This kind of thing has happened many times in my life. I show up at a simple gathering among friends. Out of the blue, one of the friends says, “I saw this in a store the other day and thought you’d like it. Here!” Never have I had a gift to give in return. So I say what most of us say, “Oh, no, I can’t accept this. It’s too much! . . . But I don’t have anything for you.” And then I scramble to think of ways I could pay back this kindness. I say “Thank you,” but a bit of guilt dulls my thankfulness. Does this happen to you too?
Apparently, I’m not very good at receiving good gifts. Is that a problem? I didn’t used to think so. Don’t humble people focus on serving and not being served? Isn’t it better to give than to receive? Yes, that’s all true! But, I’ve realized my struggle to cheerfully stand on the receiving end of relationships points to a deeper problem in me—oddly, one brought into brighter light by the Thanksgiving holiday.
Giving Thanks Requires Cheerful Receiving
Here’s a big truth: It’s impossible to be thankful if you’re gift averse. If I don’t know how to cheerfully receive from God and people, I won’t be able to cheerfully give thanks with the rich gladness God envisions in Scripture. Let me say it again another way: the degree to which we cheerfully receive determines the degree to which we can give thanks. We will only learn to give thanks after we’ve learned to receive. Like turkey and stuffing, you can’t have one without the other.
Think about this simple truth repeated through the Psalms:
Oh give thanks to the Lord, for he is good, for his steadfast love endures forever.Psalm 107:1 ESV
The good gift of God’s steadfast love makes the psalmist’s gratitude possible. But, listen, it’s not simply the goodness of God which feeds his thankful heart, but it’s actually his cheerful receiving of the good gift of God’s love.
Think about another verse, this time driven a little deeper and from the Gospel of Luke:
“Therefore I tell you, her sins, which are many, are forgiven—for she loved much. But he who is forgiven little, loves little.”Luke 7:47
Jesus forgave a woman who had lived a rough, sinful life. Overwhelmed with gladness, she anointed Jesus’s feet with kisses and expensive oil. Jesus explained the shocking scene, connecting her enormous gratitude to the enormous grace she received. And the opposite rings just as true. A person who receives little forgiveness, shows little gratitude.
Thanksgiving Comes from A Heart Made Glad by Good Gifts
Add this up and it means thanksgiving springs from a heart made glad by good gifts. I think, then, if we want to grow our thankfulness this November 25th (and every other day of the year), we need to grow our gladness in God and his unending goodness to us. We need to make a concerted effort to become people who are happy to receive blessings from his hand and from the other hands he uses in our lives.

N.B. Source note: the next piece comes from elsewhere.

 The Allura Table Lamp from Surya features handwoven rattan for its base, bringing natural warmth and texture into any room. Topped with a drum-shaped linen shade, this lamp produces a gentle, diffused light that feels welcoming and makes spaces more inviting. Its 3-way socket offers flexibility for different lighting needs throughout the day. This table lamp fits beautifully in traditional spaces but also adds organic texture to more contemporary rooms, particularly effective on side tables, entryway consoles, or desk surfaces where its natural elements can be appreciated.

Imagine this scenario: On an evening walk, you run into your elderly neighbor Ms. Mary, who lives three doors down. She tells you how she’s looking forward to her grandson’s birthday party tomorrow. And then she says, “You know what, dear! When you have some time later, I want you to email me your birthdate and a few of your favorite things. I’m serious, dear. I want to bless you on your birthday.” What do you do? If you’re like me, you ease back into your walk and tell Mary she’s too sweet, and you hope the party’s a blast. But you don’t email her. You tell yourself, maybe you will if she brings it up again, but then you avoid her house on your next evening walk.
Does Mary have genuine interest in making me glad on my birthday? Yes, for sure! Do I have genuine gratitude for Mary’s kindness? No, not really.

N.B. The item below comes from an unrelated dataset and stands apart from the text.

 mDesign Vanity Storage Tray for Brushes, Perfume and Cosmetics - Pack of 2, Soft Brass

Why? Because I’m unwilling to receive the fruit of her kindness to me.
Why do I not just open my hands to Mary’s gift and my heart to this small gladness?
Because I’m still struggling to appreciate how my gladness in receiving good gifts glorifies the God who gives them (even through Ms. Mary).

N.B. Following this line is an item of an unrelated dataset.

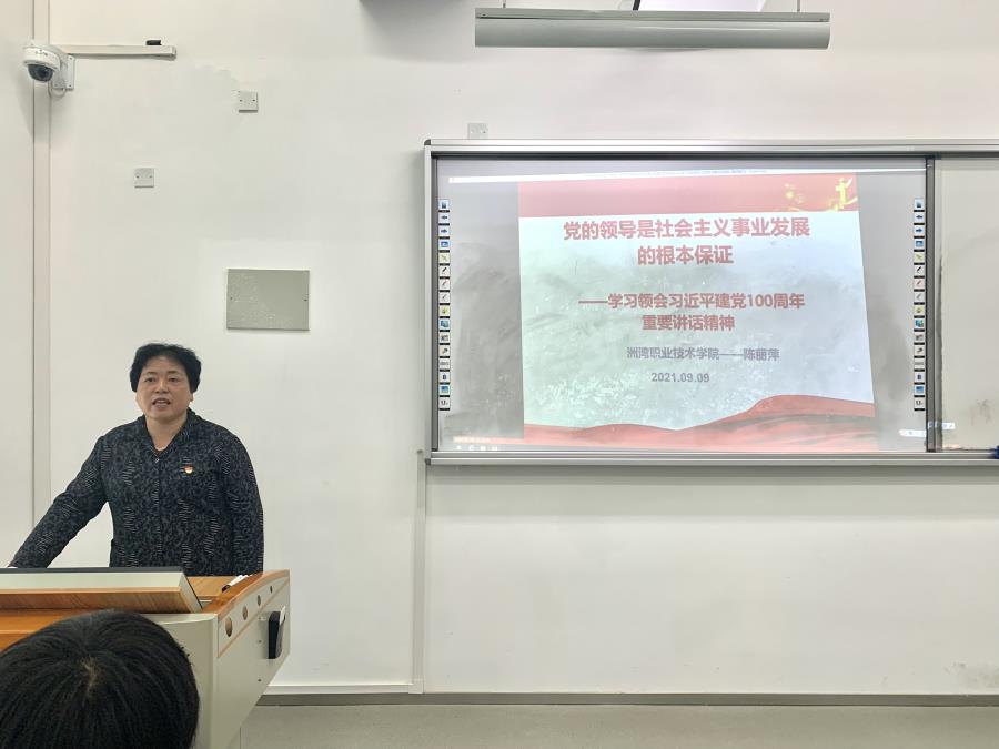 陈丽萍副院长从“办好中国的事情关键在党”、“党的领导是历史和人民的选择”、“中国共产党的成功密码”、“赓续伟大建党精神、践行初心使命”四个方面进行深入阐释,着重解读了“中国共产党的成功密码”和“赓续伟大建党精神、践行初心使命”这两点。她指出,中国共产党善于把理论与实践相结合,并结合许多故事案例,深刻分析了中国共产党成功的密码:一是坚持真理、坚守理想;二是践行初心、担当使命;三是不怕牺牲、英勇斗争;四是对党忠诚、不负人民。接着引用伟大领袖毛泽东为革命满门英烈及“弥天大勇”抵重庆谈判的事例,阐述了赓续伟大建党精神,践行初心使命的“三个必须”、“一个立足”,即必须坚持中国共产党的坚强领导、必须团结带领中国人民不断为美好生活而奋斗、必须刀刃向内,进行自我革命、立足岗位,勇于担当。

Thankfulness: The Good Pursuit of Gladness
The more we grow to appreciate the connection between our gladness and God’s glory, the more we will grow to cheerfully receive good gifts. And the more we learn to cheerfully receive good gifts, the more we will grow in giving thanks for God’s enduring love for us in Christ. Rather than deflect good gifts and juke the givers of them, we can ask God to work in us a godly gratitude for good things eagerly and gladly received.
I believe God has prepared in our Thanksgiving holiday an occasion to reconsider the connection between gladness and gratitude, of receiving and giving thanks.
Why are we thankful on this day? What makes giving thanks possible and meaningful? It’s the gladness which comes from cheerfully receiving God’s good gifts. We give thanks because we have received so much good from him. He is good and his steadfast love endures forever.